On December 3, 2019, NRECA filed comments at FERC supporting FERC's proposed rulemaking to revise its regulations implementing sections 201 and 210 of the Public Utility Regulatory Policies Act of 1978 (PURPA). See Qualifying Facility Rates and Requirements; Implementation Issues Under the Public Utility Regulatory Policies Act of 1978, Docket No. RM19-15-000, 168 FERC ¶ 61,184 (2019) (notice of proposed rulemaking).
The NRECA comments acknowledge the significant changes in the electric industry and electric markets since 1978 and support FERC's proposals to reform and modernize its PURPA regulations to account for these changes and to address other implementation issues that have arisen in recent years.

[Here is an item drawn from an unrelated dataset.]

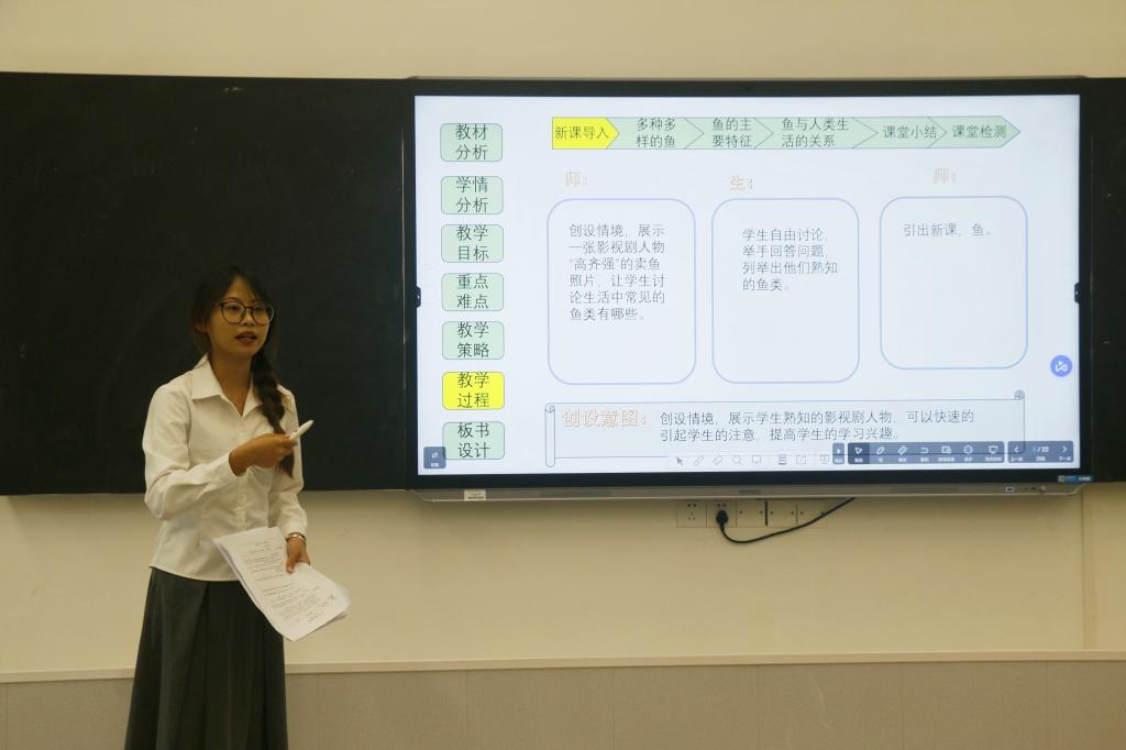 此次比赛分为高中组与初中组,包含教学设计、说课、模拟讲课三个环节。贝学军表示,此次比赛搭建了互相交流、共同进步的平台,他鼓励选手们积极展现自我,争创佳绩,同时希望观众们认真学习相关经验,不断提升自身教学能力。比赛期间,选手们充分挖掘教材内容,精心设计讲课流程,将被动传授知识转变为问题驱动式引导,将小组合作探究结合信息技术等新形式融入到知识的传授中,用图片、视频、案例、活动创设情节,展现出我院师范生过硬的教学本领与卓越的综合素质。

Specifically, the NRECA comments support FERC's proposals:
- To allow states and nonregulated electric utilities such as rural electric cooperatives flexibility to incorporate market forces in setting "avoided cost" rates for PURPA qualifying facilities (QFs);
- To relieve electric utilities from the PURPA obligation to purchase energy and/or capacity from QFs to the extent the utility's supply obligations are reduced by a state retail-choice program;
- To reform the "one-mile rule" used to determine whether facilities constitute a single QF or multiple QFs;
- To reduce, from 20 megawatts to 1 megawatt, the QF size threshold at which a QF in an RTO or ISO region is rebuttably presumed to have non-discriminatory access to a wholesale market, which relieves an electric utility of its QF purchase obligation;
- To require a proposed QF to demonstrate that it is "commercially viable" and has " financial commitment to construct the proposed project pursuant to objective, reasonable, state-determined criteria," before the QF may claim a "legally enforceable obligation" for an electric utility to purchase its output; and
- To reform the QF self-certification process by allowing parties to contest the QF certification without filing a costly petition for declaratory order at FERC.